Provided records section start

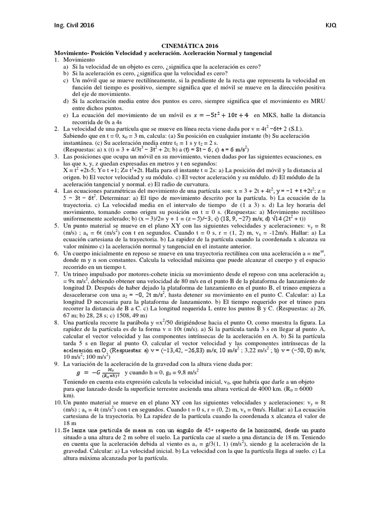 aceleracin tangencial y normal. e) El radio de curvatura.
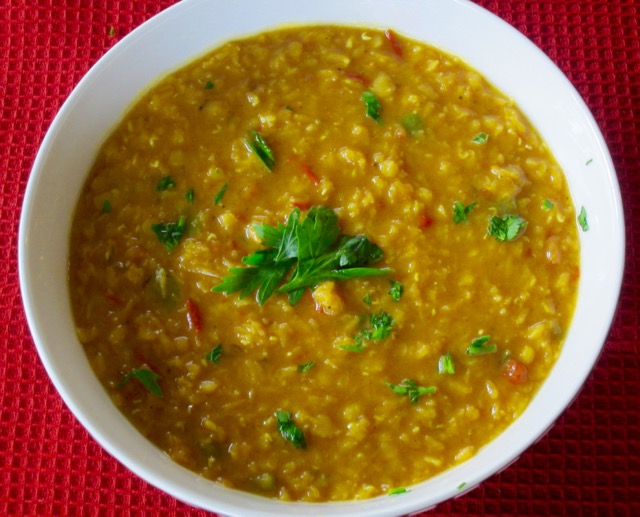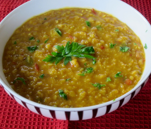 - Taste the soup and adjust seasoning and soup thickness. Just before serving, add the chopped coriander leaves. Serve hot with white rice or chapati.
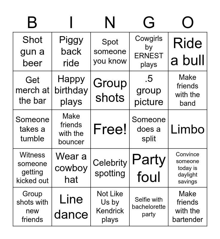 This bingo card has a free space and 24 words: Wear a cowboy hat, Line dance, Group shots, Group shots with new friends, Ride a bull, Shot gun a beer, Get merch at the bar, Piggy back ride, Someone does a split, Celebrity spotting, .5 group picture, Someone takes a tumble, Party foul, Convince someone today is daylight savings, Happy birthday plays, Selfie with bachelorette party, Limbo, Spot someone you know, Make friends with the band, Make friends with the bouncer, Make friends with the bartender, Witness someone getting kicked out, Cowgirls by ERNEST plays and Not Like Us by Kendrick plays.
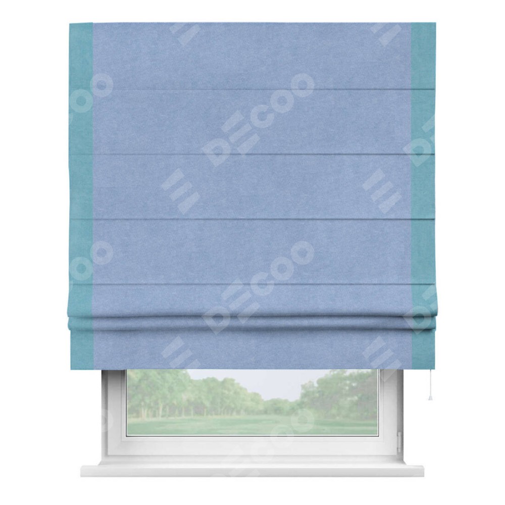 Римская штора производителя «Cortin», используется для проёма, пошита из ткани вельвет васильковый, артикул ткани 33799. Отделка шторы кантом «Стрим Дуо», ткань для канта используется из вельвета разной расцветки на выбор. Имеет универсальный механизм и подходит для монтажа: на потолок, на стену и в нишу.
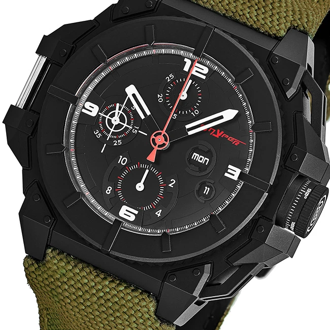 | Dial Color | Black Dial With Snyper Logo At The 2 o'clock Position, White Luminescent Hands and Arabic Numerals, Small Seconds Sub Dial With White 'Target' Symbol At The 9 o'clock Position |
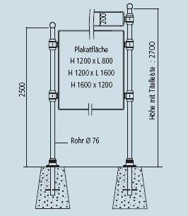 Ausführung mit unbeschriebener Titelleiste mit je zwei Schellen an den Pfosten
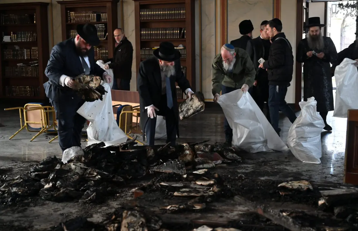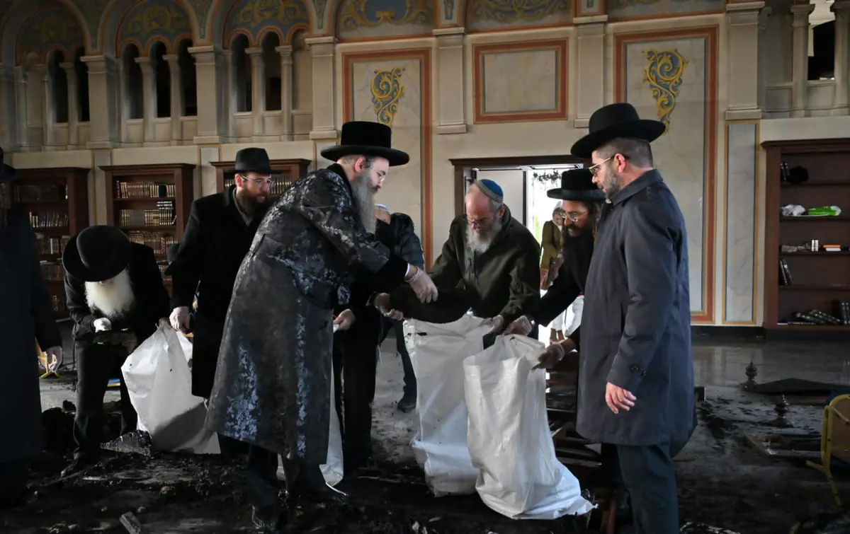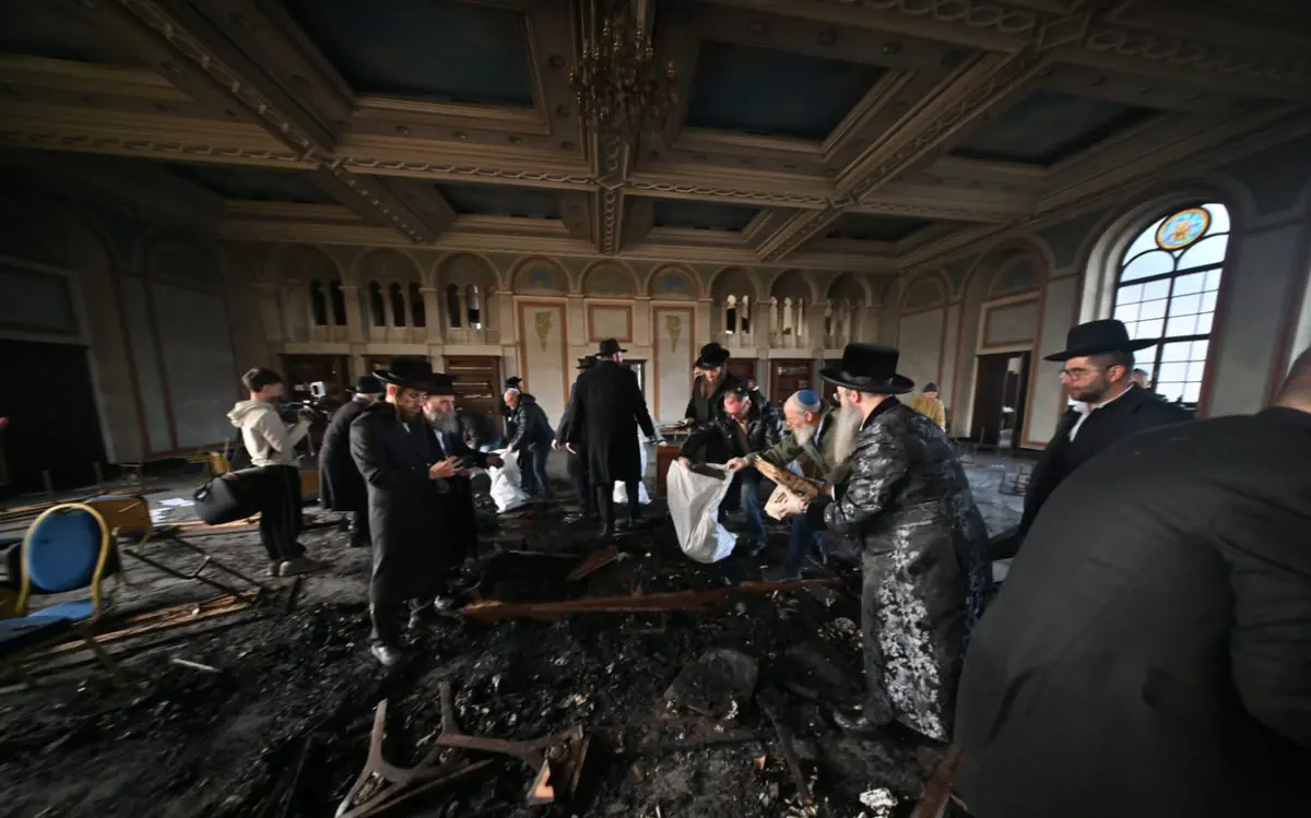 השריפה פרצה בשבוע שעבר בבית הכנסת המכונה "קלויז קדישא", מבנה בן 200 שנה ששימש מרכז רוחני מרכזי של החסידות. בחקירה ראשונית עלה חשד כי מדובר בהצתה ממניע אנטישמי.
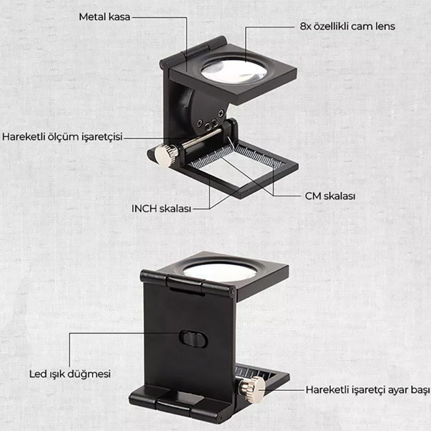 - Mini büyütecin üzerinde bulunan açılıp kapatılabilen 2 adet led ışığı ile karanlık ve loş ortamlarda daha kolay inceleme yapma olanağı bulunmaktadır.
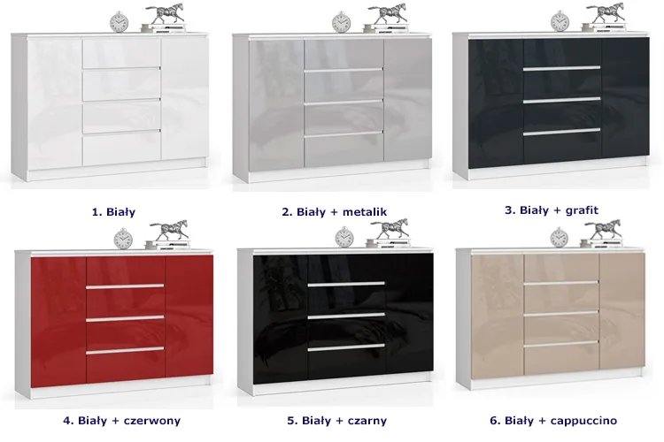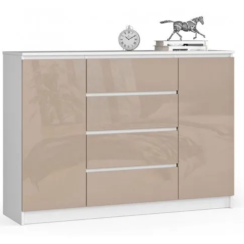 Dotyczy: Nowoczesna komoda w połysku do sypialni biała + czarny - Liv 4X 140 cm

Provided records section end

- Task goal: With the pictures left out, transcribe exactly the lines from the line holding "- Mini büyütecin" through the closing line of the entries.

- Task result:
 - Mini büyütecin üzerinde bulunan açılıp kapatılabilen 2 adet led ışığı ile karanlık ve loş ortamlarda daha kolay inceleme yapma olanağı bulunmaktadır.
 Dotyczy: Nowoczesna komoda w połysku do sypialni biała + czarny - Liv 4X 140 cm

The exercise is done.